Task details:
Transcribe the records below from the first line to the line that includes "西门子(SIEMENS)10公斤滚筒洗衣机全自动 除菌洗烘一体机 智能烘干", inclusive, and omit the pictures.

= Beginning of Section =

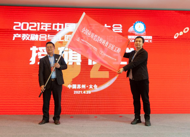 2021年4月26日,我校成功协办2021中国航天大会产教融合与工匠人才发展论坛。仪式上,我校周庆礼书记与中国航天科技国际交流中心周岫彬主任共同启动了全国应用型高校科普卫星工程。随后,航天科技集团科技委郭玉明主任将全国应用型高校科普卫星工程的旗帜授予我校,标志着全国应用型高校科普卫星工程正式拉开帷幕。
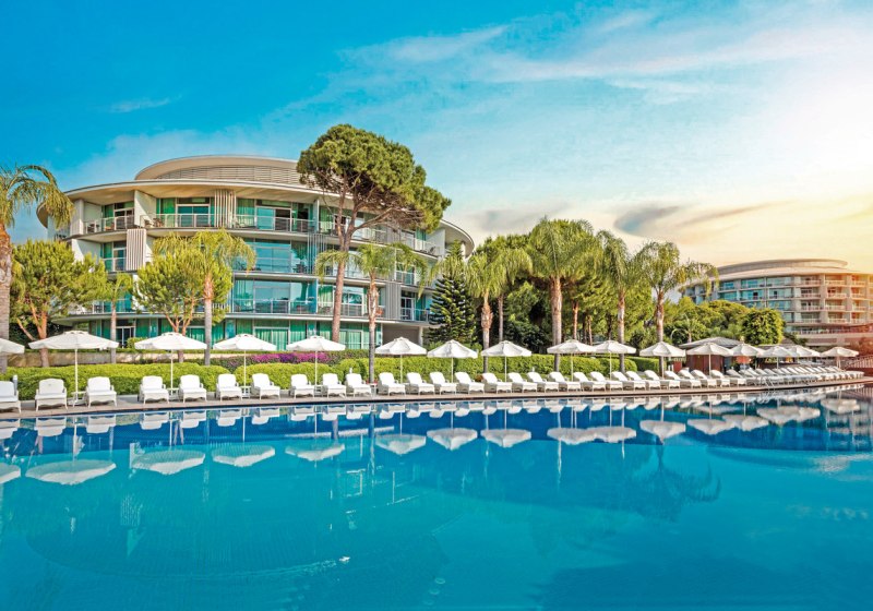 Calista Luxury Resort verbindet direkte Strandlage, Pinienkulisse und eine klare Struktur aus Pools, Sport und abendlicher Bühne. Familien profitieren von Miniclub, Kinderbetreuung und Kinder-Spa, Paare und Freunde von ruhigen Zonen, Bars und dem großen Spa.
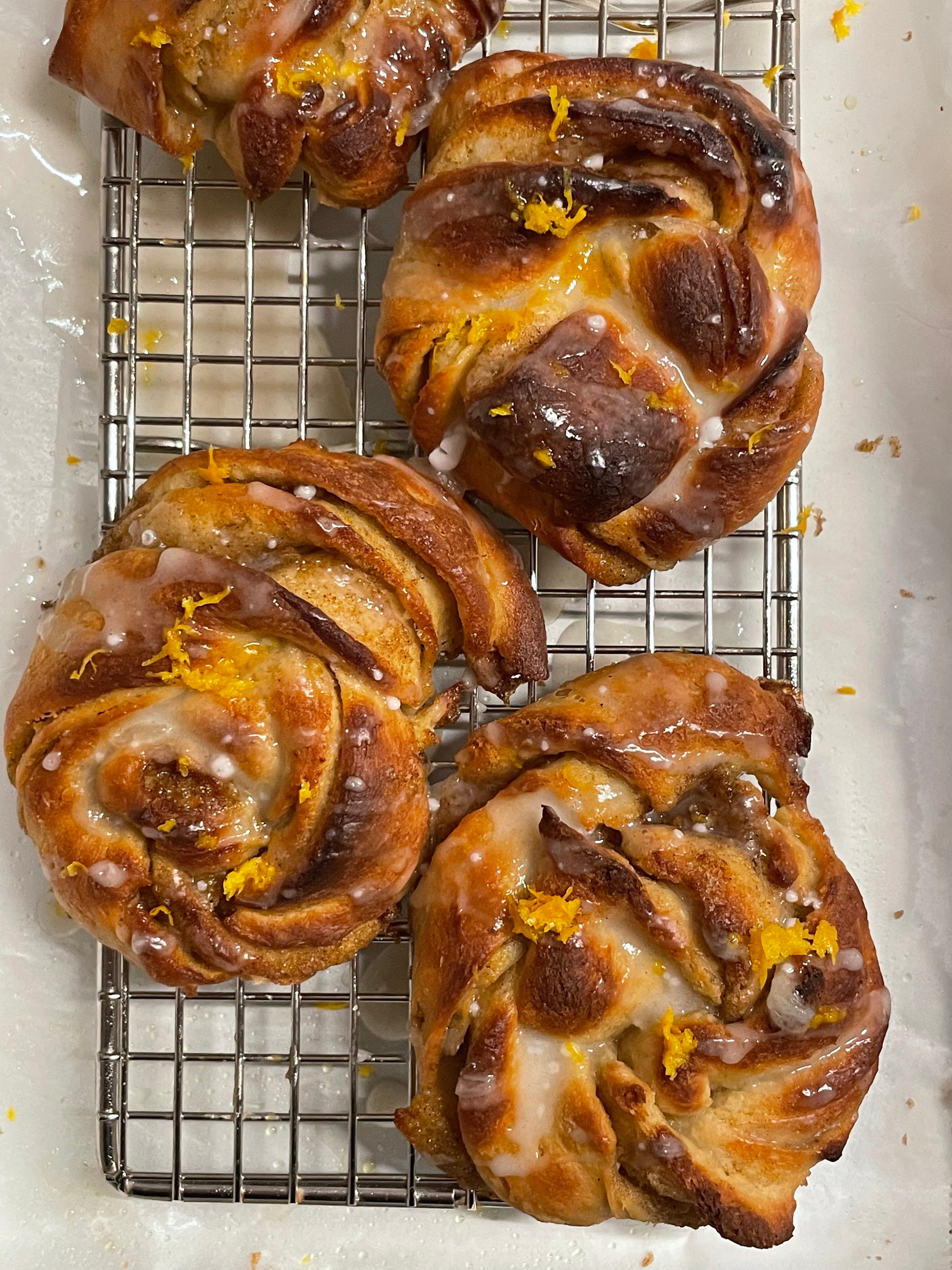 optional: make a quick glaze with orange juice and powdered sugar and drizzle over once cooled
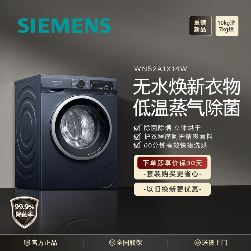 西门子(SIEMENS)10公斤滚筒洗衣机全自动 除菌洗烘一体机 智能烘干 热风清新 均匀烘干 湖蕴蓝 X14W价格:5099.00元!
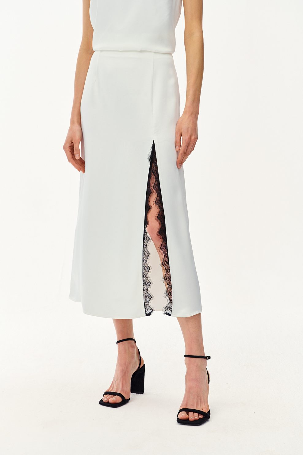 Sukně Mystic Blush je styl, který okouzlí svou jednoduchostí a sofistikovaností. Krémově bílá barva v kombinaci s krajkovým detailem na rozparku vytváří neuvěřitelně svěží a luxusní efekt. Viskózová látka zajišťuje prodyšnost a pohodlí, takže se budete cítit bez námahy po celý den.
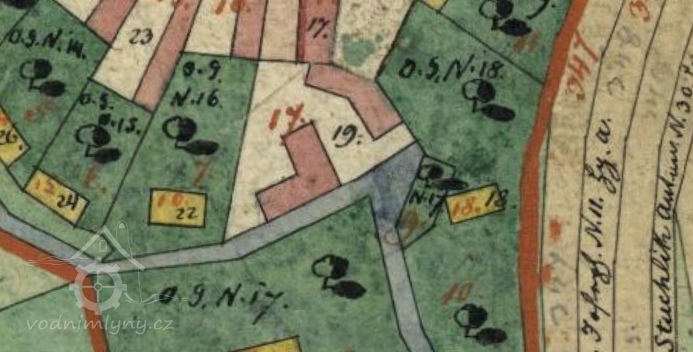 Mlýn uveden již na 1. voj. mapování, avšak historie sahá hlouběji-existence doložena už ve 14. století.
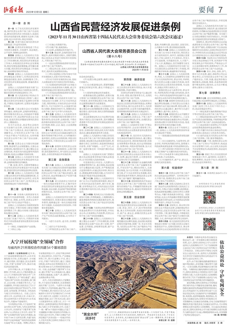 《山西省民營經(jīng)濟(jì)發(fā)展促進(jìn)條例》已由山西省第十四屆人民代表大會常務(wù)委員會第六次會議于2023年11月30日通過,現(xiàn)予公布,自2024年1月1日起施行。
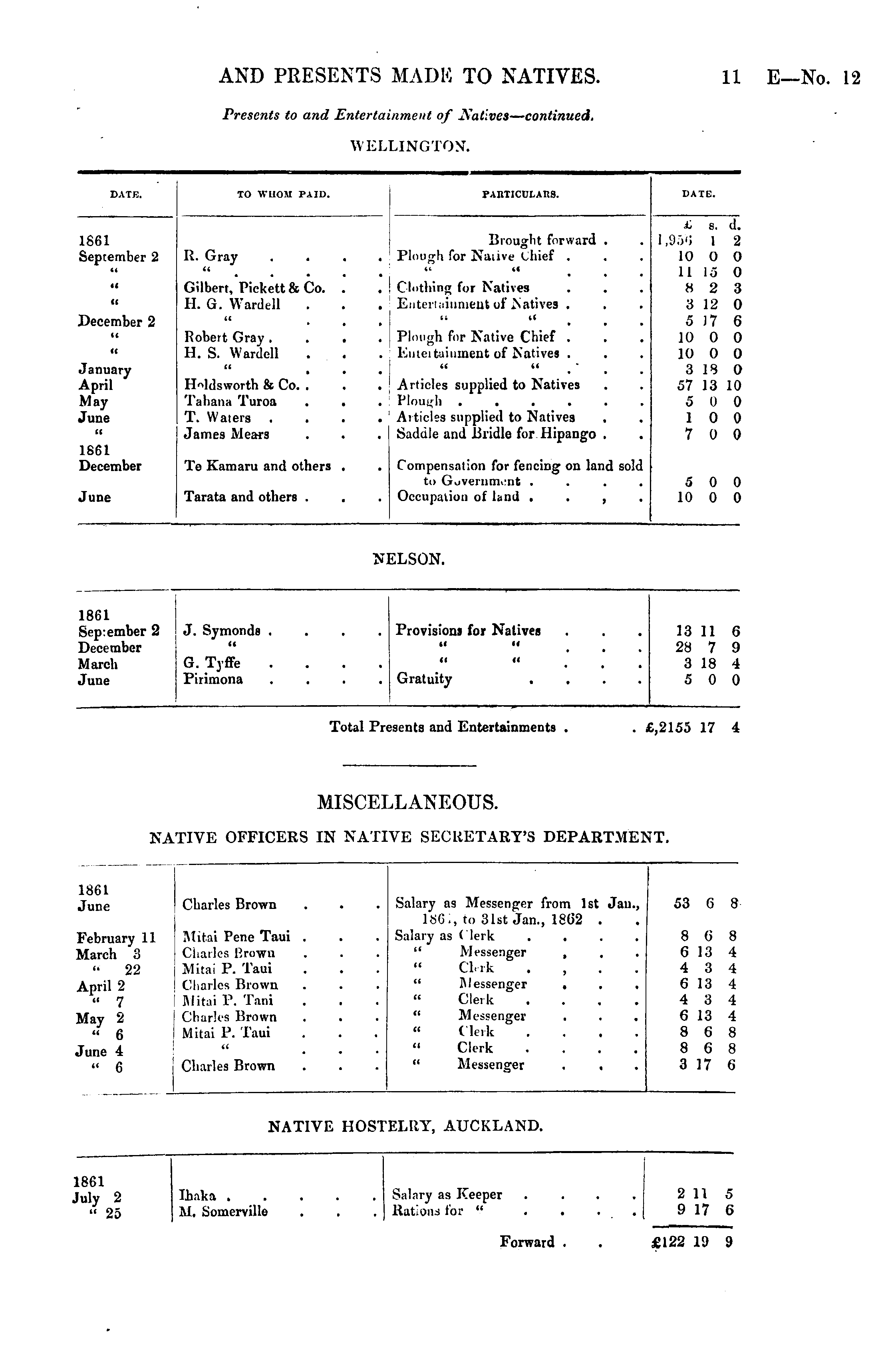 'resents to am Entertai Inment of Natives — continue* WEL LINGTOX. DATE. TO WHOM PAID. PARTICULARS. DATE. 1861 September 2 u II It December 2 ii R. Gray u Gilbert, Pickett& Co. . H. G. VVardell . ii Robert Gray . H. S. Wardell ■ • Brought forward . Plough for Naiive Chief . U If Clothing for Natives EnterUiiiimeut of Natives . II X Plough for Native Chief . . . Euteituiiiinent of Natives . £ e. d. I ,95<i 1 1 10 0 0 11 15 0 8 2 3 3 12 0 5 17 6 10 0 0 10 0 0 3 IS 0 57 13 10 5 0 0 1 0 0 7 0 0 tc January April May June M It • • H^ldsworth & Co. . Taliana Turoa . . T. Waters . James Mea*s * Articles supplied to Natives Plough Articles supplied to Natives . Saddle and Bridle for Hipango . 1861 December Te Kamaru and others . Compensation for fencing on land sold to Government . Occupation of land , . , 5 0 0 10 0 0 June Tarata and others .

= End of Section =

Written solution:
 2021年4月26日,我校成功协办2021中国航天大会产教融合与工匠人才发展论坛。仪式上,我校周庆礼书记与中国航天科技国际交流中心周岫彬主任共同启动了全国应用型高校科普卫星工程。随后,航天科技集团科技委郭玉明主任将全国应用型高校科普卫星工程的旗帜授予我校,标志着全国应用型高校科普卫星工程正式拉开帷幕。
 Calista Luxury Resort verbindet direkte Strandlage, Pinienkulisse und eine klare Struktur aus Pools, Sport und abendlicher Bühne. Familien profitieren von Miniclub, Kinderbetreuung und Kinder-Spa, Paare und Freunde von ruhigen Zonen, Bars und dem großen Spa.
 optional: make a quick glaze with orange juice and powdered sugar and drizzle over once cooled
 西门子(SIEMENS)10公斤滚筒洗衣机全自动 除菌洗烘一体机 智能烘干 热风清新 均匀烘干 湖蕴蓝 X14W价格:5099.00元!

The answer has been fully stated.